Philip Riddell, an aerospace engineer and pilot with more than 50 years of experience, told Al Jazeera that the NTSB investigation was problematic.

“I thought the NTSB report was flawed in a number of areas. They kind of jumped on the conclusion that the handling pilot was mishandling the aircraft with a finger pointed at suicide,” Riddell said, adding that the agency may have “neglected to look at other relevant evidence that was found”.

The crash happened at a time of growing apprehension in the US about so-called “terrorism” and the appointed US investigation firmly concluded the co-pilot was responsible for bringing the plane down.

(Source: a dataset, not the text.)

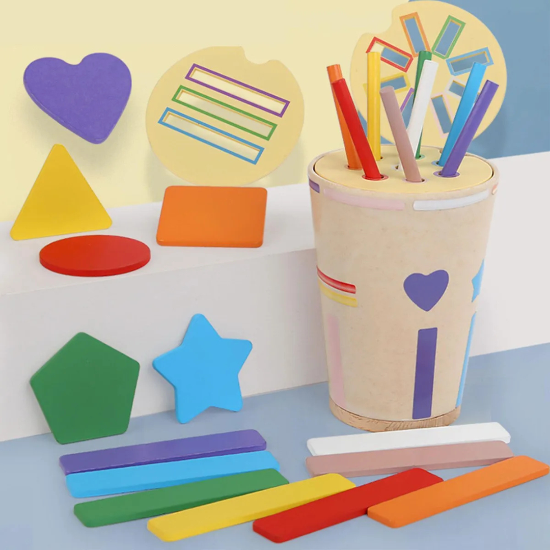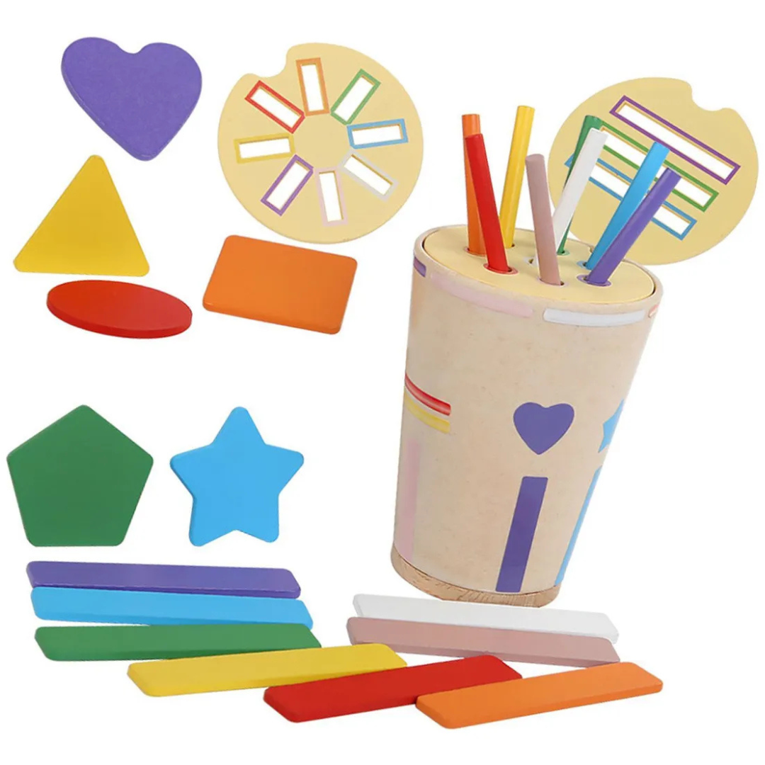 Jeu Montessori de Tri des Formes et des Couleurs – Avec Cartes et Blocs en Bois

That conclusion was based on audio on the Cockpit Voice Recorder, where the relief First Officer, Gameel al-Batouti, is heard calling on God as he tries to correct the 767 from its sudden sharp descent. The NTSB investigation interpreted this as the final prayer of a man intent on suicide and mass murder, rather than a man begging for divine intervention to save the aircraft.

While the NTSB refused to speak to Al Jazeera, its chairman at the time of the accident, Jim Hall, agreed to be interviewed for this documentary.

“We were asked to take this investigation to begin with. We did it … and a good job was done by the investigators. The NTSB has a worldwide reputation for factual investigations and where we have problems with staff in terms of workload, we just extend the time for the investigation,” Hall said.

Egypt issued a furious rebuttal of the US report and the FBI and other US agencies also later cast doubt on its conclusions. Over the years these doubts persisted – but it was only some 14 years later, in 2014, when the US aviation authorities demanded a technical change to all Boeing 767s, that these suspicions ramped up.

Al Jazeera’s Neil Cairns conducted an in-depth examination of inconsistencies within the NTSB report –  starting with evidence of technical problems reported with the same Boeing 767 plane that had emerged the day before the crash.

In 2000, the Federal Aviation Administration (FAA) issued airworthiness directives for urgent relevant checks to be made on all 767s. It took another 14 years for the FAA to issue fresh directives which pointed to a technical problem with this model of aircraft.

After the 2014 directives, Boeing made changes to its own systems.

“Consequently Boeing actually bought out a completely new system to replace the bellcrank system,” Riddell explained.

American accident investigator Pat Diggins makes a key point about the influence of manufacturers on federal agencies.

“The manufacturer, the larger it is, the larger the arms and the reaches are to it. I mean … if you look at Boeing, look at how far-reaching their capabilities are to … They have more government solicitors in Washington DC that help them get their products approved. The majority of their company sells to the United States government,” said Diggins.

The Boeing 737 Max 8 jet crashes in Jakarta in 2018 and Addis Ababa in 2019 have resulted in investigations into this model of aircraft. Boeing has already conceded mistakes were made in launching this model. But there have been no such concessions from anyone regarding Flight 990, and after nearly 20 years, there is no resolution for the bereaved families, not least that of First Officer Gameel al-Batouti.